Immortalis Is Not for Fans of Safe, Familiar Tropes

If you crave the comforting predictability of dark romance tropes, the ones where brooding alphas redeem themselves with a few whispered apologies and a bouquet of roses stained only metaphorically with blood, then Immortalis will leave you adrift. This is not a book that bows to familiarity. It does not cradle you in the velvet illusion of enemies-to-lovers arcs where tension dissolves into tender misunderstandings. Instead, it drags you into a realm where every trope is dissected, vivisected, and reassembled into something profane.

Consider the immortal predator, that staple of paranormal romance. In lesser tales, he is eternal torment masked by smouldering glances, his darkness a mere accessory to shirtless brooding. Immortalis offers no such mercy. The beings here are ancient, their hungers not poetic yearnings but visceral imperatives that rend flesh and sanity alike. Relationships do not bloom from charged glances across crowded rooms, they erupt from calculated violations, from the cold calculus of dominance where consent is a luxury afforded only after the breaking point. The male leads, those so-called immortals, wield power not as a romantic flourish but as a scalpel, carving obedience from terror.

Horror elements fare no better under this lens. Body horror in safe fiction is a jump scare, a fleeting grotesquerie before the plot pivots back to passion. Here, transformation is protracted agony, skin splitting not for titillation but as the inevitable fruit of forbidden unions. Splatterpunk excess is not gratuitous, it is structural, the gore a language that communicates what pretty prose cannot: the cost of desire in a world indifferent to human frailty.

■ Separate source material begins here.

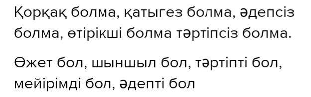 33. Сызба бойынша сипаттау мәтінін құрап жаз, қорқақ қатыгез өтірікші тәртіпсіз әдепсізболма. Тәртіпті мейірімді әдепті шыншыл өжет бол. Көмектесін дерші

BDSM dynamics, often sanitised into playful power exchanges, twist into sadistic rituals where pain is the only currency of intimacy, and submission is forged in blood rather than safe words.

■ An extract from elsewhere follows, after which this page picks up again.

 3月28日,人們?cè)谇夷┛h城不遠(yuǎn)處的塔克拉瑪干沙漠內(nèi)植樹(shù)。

Even the romance core, that supposed heart of the genre, is subverted. No grand gestures redeem the irredeemable. Lovers do not conquer all, they consume it. The touch-her-and-die protectiveness common to these tales mutates into possessive annihilation, where rivals are not outwitted but obliterated in orgies of dismemberment. Serial killer romance? It is not a flirtatious dance with danger, but an immersion in the killer’s psyche, where the heroine’s allure is her own monstrous potential, drawn forth like venom from a wound.

Immortalis demands readers who relish the unfamiliar, who find thrill in the trope’s corpse twitching with unnatural life. It is for those who prefer their darkness unfiltered, their erotica laced with existential dread, their satire biting into the absurdities of eternal lust. If safe feels like home, turn away. This book is a trespass into the unsafe, and it revels in every shattered expectation.